Approaching the bakery, I peeked through the dusty window and noted where the sugar was stocked and exactly where patrons needed to be standing in order for me to swipe it.

There were a few smaller jars rationed for the villagers to buy.

I’m sure it was cheaper too. My wages from working at Henrik’s were still being garnished by the palace to pay back my father’s funeral costs, so stealing was my only option.

The imaginary pennies I dreamed of in my pockets wouldn’t suffice.

The rich were getting richer, and the hungry would only get hungrier.

A sinister feeling tickled up my spine, accompanied by the clop of large footsteps and the putrid smell of a rotting soul.

In the reflection, a tall, fat figure stalked up behind me.

I turned on my heel away from the window and picked up my pace, hoping to create distance, but with each of my steps, two more hammered down quicker behind me.

The thud of my heart in my ears now also joining the race.

Henrik’s store was one more block down. I kept my gaze tunneled in on the faded green door and the shards of wood protruding from it.

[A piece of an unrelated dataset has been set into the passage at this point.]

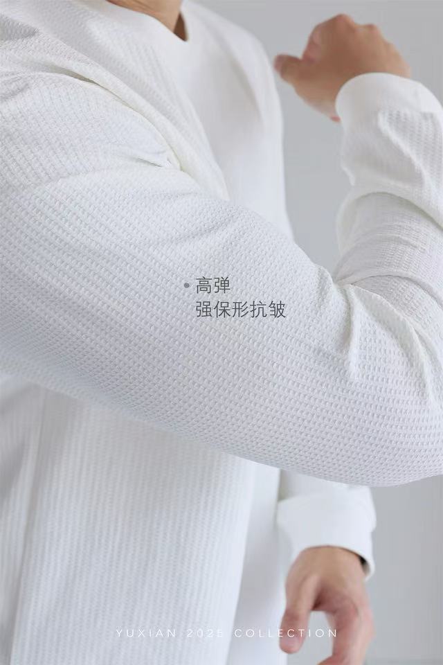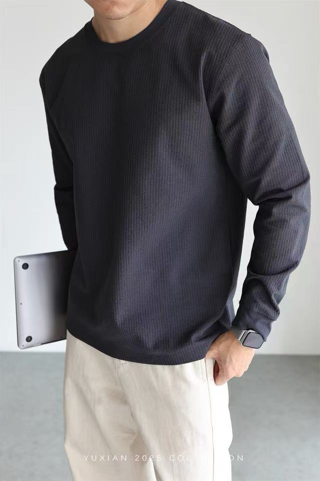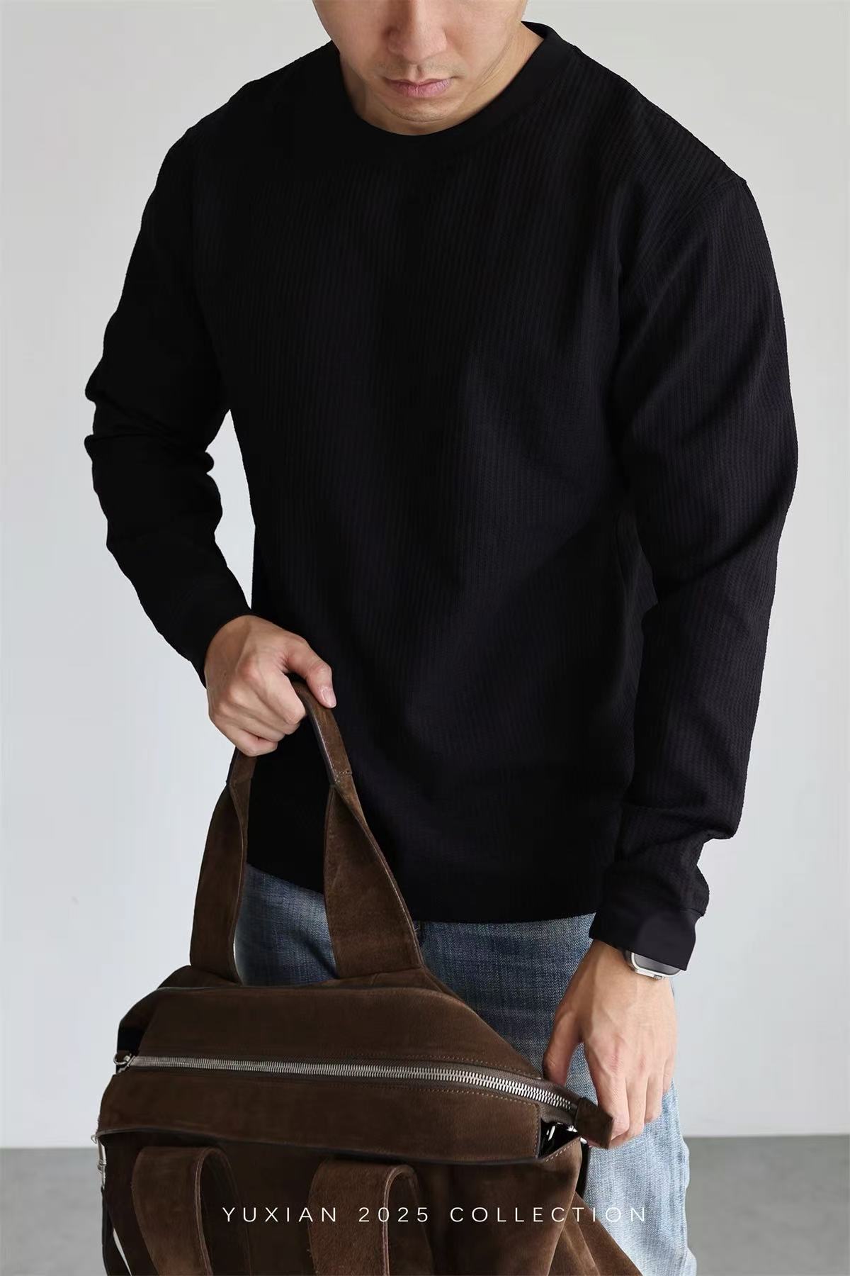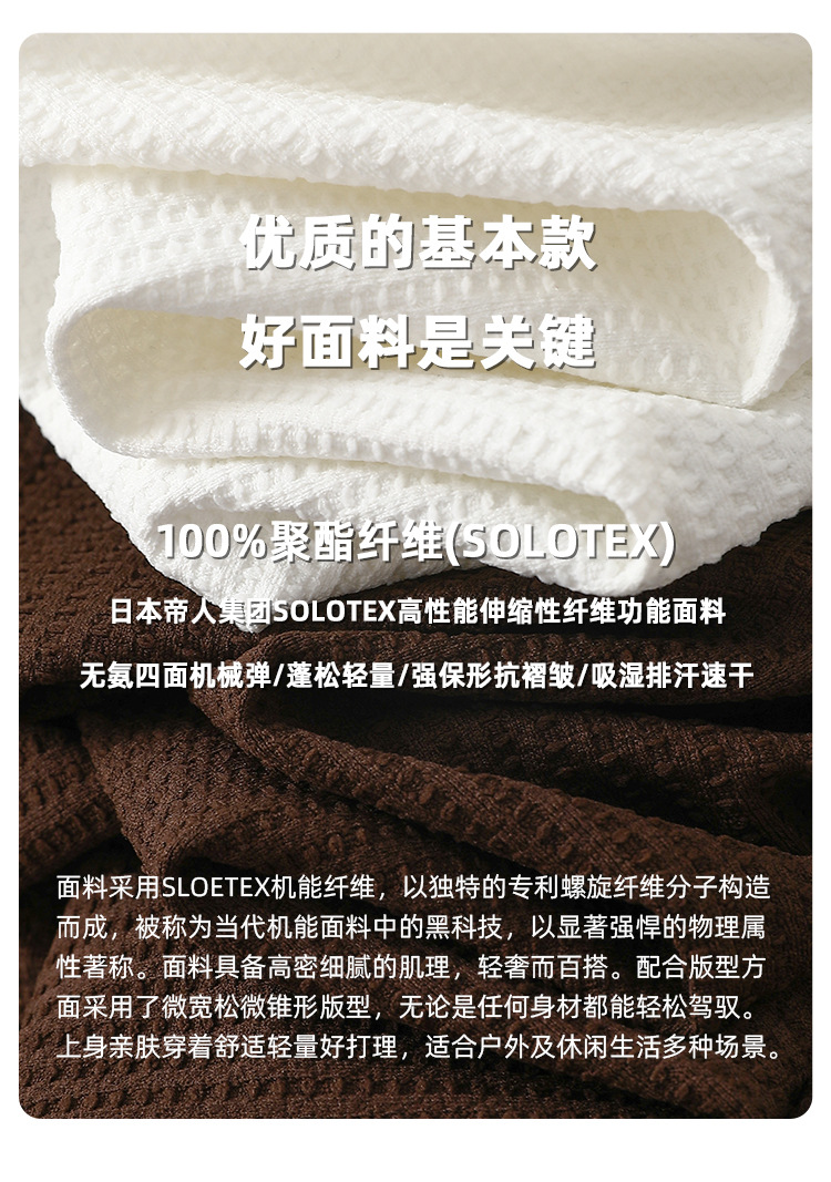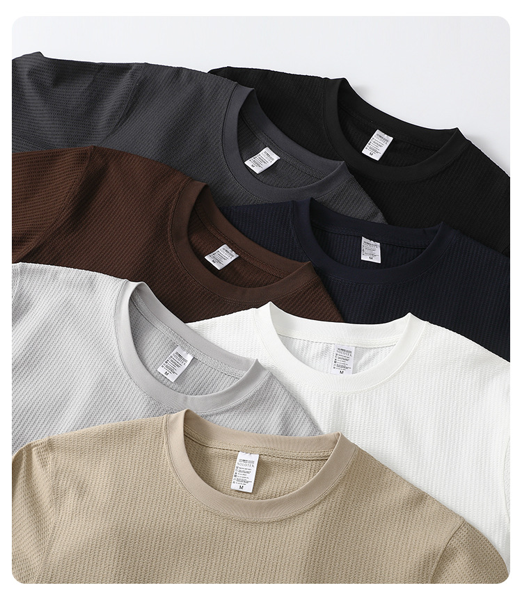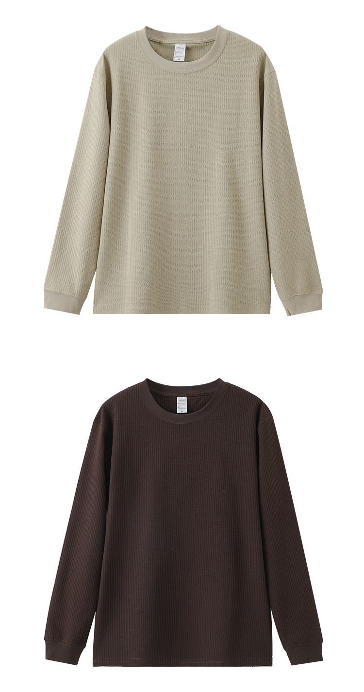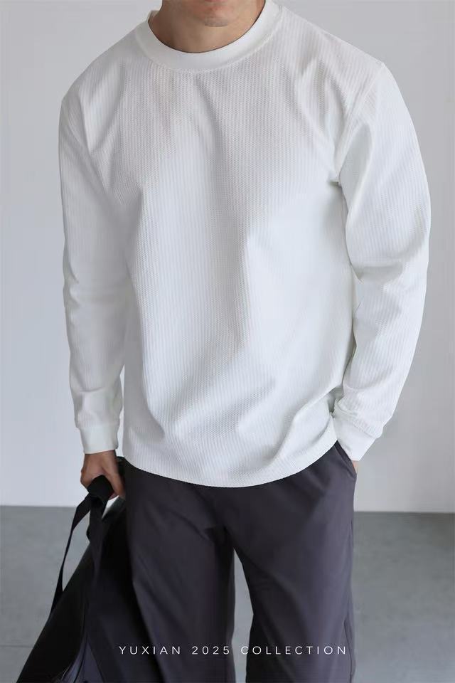 SOLOTEX轻量华夫格长袖T恤男新款潮流运动260g宽松休闲男式打底衫

A large hand collapsed over my shoulder and pushed me with such force that it was a miracle I stayed on my feet. Twisting enough to see which of the guard’s it was, my heart ripped against my chest at the sight of the same man responsible for my freshest bruises.

“What do we have here?” He plucked the tied-together strap of my satchel off my shoulder.

“I don’t want any trouble.” I scrambled backwards.

This guard in particular had hurt me before, many times.

He’d beat me, taken parts of my womanhood I’m not sure I could ever have back, spat on me.

Broke my collarbone, bit me. Someday, I hoped a version of him would visit me in my dreams where I could beat him once and for all.

Only five more steps. That’s all I had left and I’d be under Henrik’s watchful eye. They wouldn’t hurt me in front of him.

The greasy man pushed me again, but this time it closed the distance between me and the splintered door to the shoe shop. I swung it open and tumbled inside.

“Amelie–what…” Henrik assessed the situation quickly and schooled his features to address the guard standing in the doorway with his eyes locked on my body. The guard’s eyes were dark, sinister. Void of humanity.

“I’ll take it from here, Rad. Thank you.” Henrik’s voice was stoic.

Rad narrowed his eyes at me but relented and closed the door behind him as he started toward the palace.

My eyes couldn’t stop watching him walk away.

I needed to know he was gone for myself.

I let the second tear of the day fall from my desperate soul and got to my feet, eyes still on him.

Rad turned back toward the shop, a smile spread across his face, and my stomach folded in on itself.

I tore my eyes away, praying to a God I knew never heard my pleas that Rad didn’t take my stare as an invitation.

“Sorry,” I said while sniffling back the ball in my throat. “Where should I start today?”

Henrik eyed the new bruises on my face and took a deep breath before letting us move on.

“Head to the back. Finish up those soles on Mr. Brandhuft’s boots. Then shine up the orders going out tomorrow.”

I nodded and went straight to my station in the back. The rest of the day, I took out my frustrations on the bottoms of the helpless boots and hoped these soles would tread lightly in this hell we lived in.